Days before Trump’s remarks, Musk had already given Fort Knox conspiracy theorists more fodder.
“Who is confirming that gold wasn’t stolen from Fort Knox?” he wrote in a Feb. 17 post on X. “Maybe it’s there, maybe it’s not. That gold is owned by the American public! We want to know if it’s still there.”
The latest fascination with Fort Knox
Fort Knox and the safety of just over half of the nation’s gold reserves has long been a subject that has captured the American imagination, inspiring novels and numerous conspiracy theories alleging that the gold may have been relocated or stolen. In the 1964 James Bond film Goldfinger, the eponymous villain seeks to detonate a dirty atomic bomb inside Fort Knox so as to contaminate the gold and destroy the U.S. economy.
The current dust-up over the United States Bullion Depository, aka Fort Knox, seems to have started with a tweet by the far-right Libertarian financial website Zero Hedge.
“It would be great if @elonmusk could take a look inside Fort Knox just to make sure the 4,580 tons of US gold is there. Last time anyone looked was 50 years ago in 1974,” the Zero Hedge X account wrote on Feb. 15.
Musk responded, writing, “Surely it’s reviewed at least every year?”
Chiming into the exchange, Sen. Rand Paul wrote, “Nope, Let’s do it.” In 2010, Paul, a frequent critic of the Federal Exchange, questioned whether there was still gold in Fort Knox.
Just checking vs. an official audit
Part of the confusion surrounding the 147.4 million ounces of gold kept at Fort Knox involves distinguishing between a visual inspection of the reserves versus an actual weighing of it. The vaults holding the gold at Fort Knox are not often opened to nonauthorized personnel. In fact, the last time that happened was in 2017, during Trump’s first term, when then-Treasury Secretary Steve Mnuchin and a Congressional delegation that included Sen. Majority Leader Mitch McConnell toured the facility.
“The gold was there when I visited it,” Mnuchin told CNBC last week. “I hope nobody’s moved it. I’m sure they haven’t. I was the first treasury secretary to go there in I think over 50 years. There’s very serious security protocols in place, obviously, to protect the gold that I can’t talk about.”
In 1975, Iowa Sen. Charles Grassley, a Republican, paid his own visit to look in on the gold at Fort Knox.

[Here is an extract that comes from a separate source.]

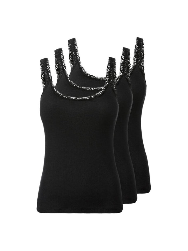 Women's 3 Pcs Lace Trim Top Set,Black - S / Black is backordered and will ship as soon as it is back in stock.

“When I went into Fort Knox, you could view the piles of gold,” Grassley told Radio Iowa. “There were separate sections of the vault, and each separate section had a door that was locked, but it had a peephole, maybe six inches square, maybe a foot square, I don’t remember anymore, and you saw the stacks of gold brick there.”
Mnuchin also added that if Trump wants Fort Knox to be audited, “That’s something that can easily be done.” Last week, Paul wrote to Trump’s treasury secretary and asked for just that, requesting in a letter for “an audit of the Mint’s holdings, including testing of the gold.”

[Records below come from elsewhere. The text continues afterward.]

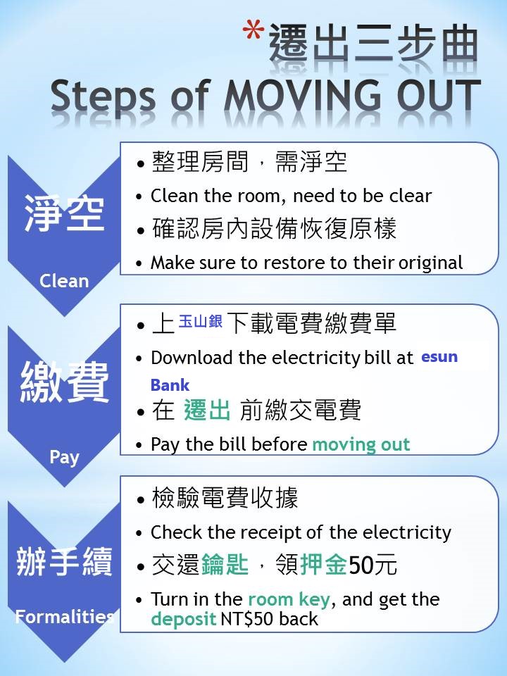 - 凡入住及搬離本校學生宿舍,皆須辦理遷入或遷出手續。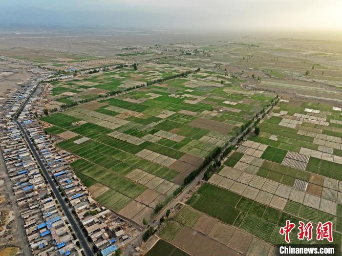 夏日時(shí)節(jié),甘肅省張掖市高臺(tái)縣駱駝城鎮(zhèn)紅新村和梧桐村的田野間,農(nóng)舍青青?!∴嵰隆z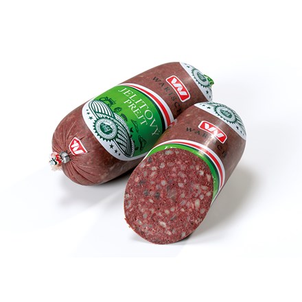 - vepř. maso (min. 34%), ječné kroupy, voda, v. krev, v. sádlo, v. kůže, jedlá sůl s jodem, koření (hořčice), extrakty koření, dextroza.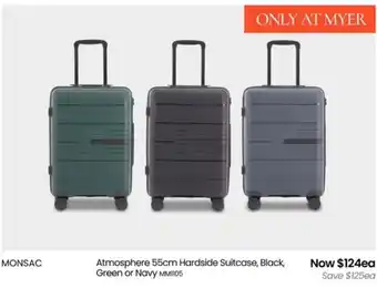 Myer offers a wide collection of products, besides the Monsac atmosphere hardside suitcase, black, green or navy. Keep an eye on the weekly Myer catalogue to find the best offers and promotions. Besides Monsac atmosphere hardside suitcase, black, green or navy, you can also find the following offers: Monsac m by monsac hue hardside suicase, pink, purple,blue or green, Samsonite enwrap spinner suitcase, matte black & American tourister curio 2 spinner, artic navy or black.

In 1974, the last official audit of the gold was conducted by the U.S. General Accounting Office and the Department of the Treasury. But due to security measures that keep the public from obtaining too much information about the storage of the gold, audits do little to satisfy conspiracy theorists.
The 1974 audit, for instance, “was intended to quash rumors but provided only temporary relief from public skepticism,” CMI Gold & Silver, one of the oldest gold and silver dealers in the United States, states on its website. “Conspiracy theorists have two basic tenets: one, the gold in Fort Knox is enormously depleted or completely gone; two, some of the gold bars are fake — made out of tungsten with a coating of gold.”
If and when Trump and Musk do travel to Fort Knox, it seems unlikely that the treasury secretary won’t be joining them.
"I don't have any plans to go to Kentucky," Bessent told Bloomberg TV last week. "I can tell the American people on camera right now, there was a report, September 30th, 2024, all the the gold is there. Any U.S. senator who wants to come and visit it can arrange a visit through our office."